**WHAT IS REQUIRED**
A word-for-word copy is needed of the line containing "NISSAN LEAF 150 mile range" and every line after it through the end of the records below, leaving out all pictures.

**DATA**
.....
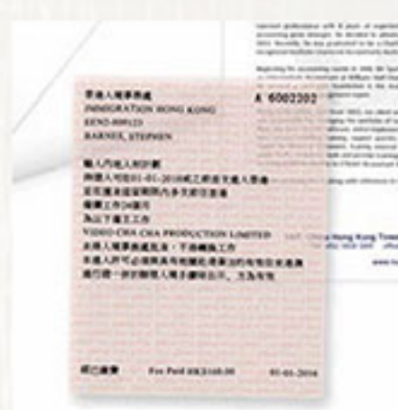
Hong Kong ID and Current Employment Visa
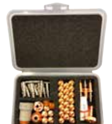
Wear part box for LC105
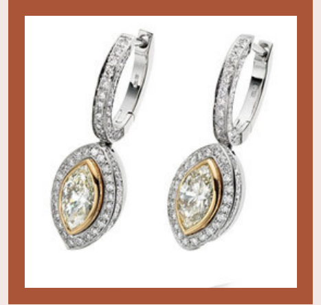
Designer Diamond Earring
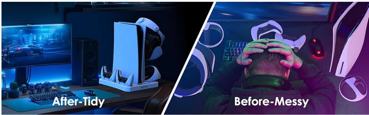
Image: A 'Before and After' comparison showing a messy desktop with gaming accessories versus a neat and orderly desktop with the HAPAW PS-5 Cooling Stand organizing all devices.
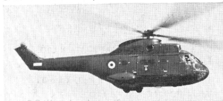
SA.330 French Army
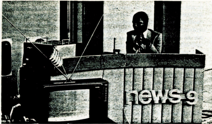
Liberian television: "While the telecommunications infrastructure is taken for granted in the West, in most African countries it is not adequate to sustain even essential services"
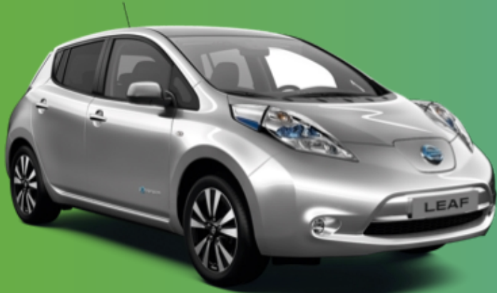
NISSAN LEAF 150 mile range
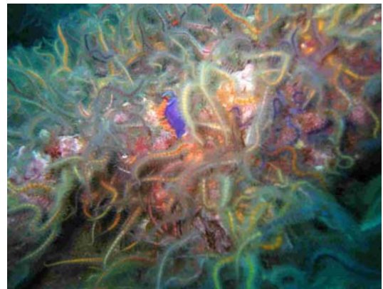
Spanish Shawl Nudibranch & Brittle Stars – Anacapa Island
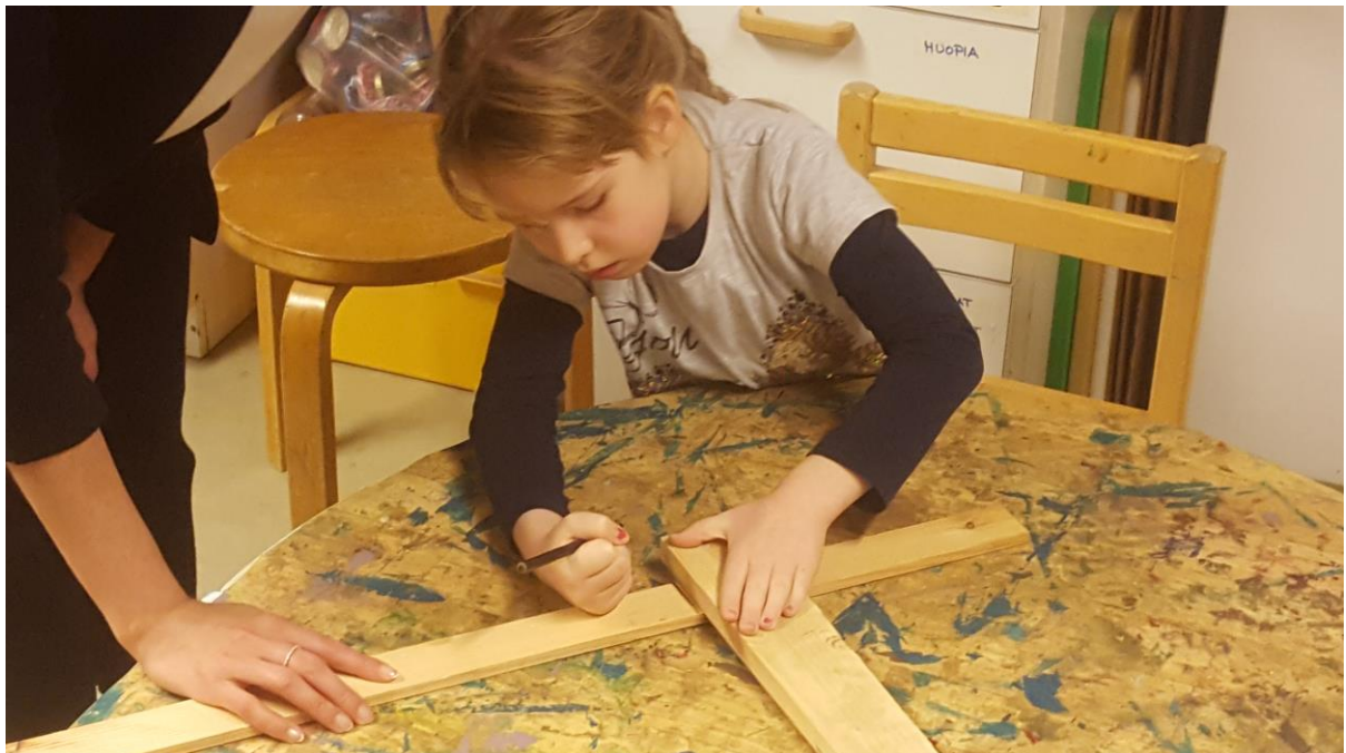
Kindergarten in Pihlaja, Meilahti, Helsinki, Finland.

Children immediately feel valued and feel a sense of responsibility when given the opportunity to work with real tools. They feel valued by being respected and trusted. When children are engaged with real experiences it develops their sense of autonomy and they feel empowered. This has a visible impact on their self-esteem. The fact that they are taking responsibility in working with real tools also seems to be reflected in their desire to take their work seriously.
.....
**TASK SOLUTION**
NISSAN LEAF 150 mile range
Spanish Shawl Nudibranch & Brittle Stars – Anacapa Island
Kindergarten in Pihlaja, Meilahti, Helsinki, Finland.

Children immediately feel valued and feel a sense of responsibility when given the opportunity to work with real tools. They feel valued by being respected and trusted. When children are engaged with real experiences it develops their sense of autonomy and they feel empowered. This has a visible impact on their self-esteem. The fact that they are taking responsibility in working with real tools also seems to be reflected in their desire to take their work seriously.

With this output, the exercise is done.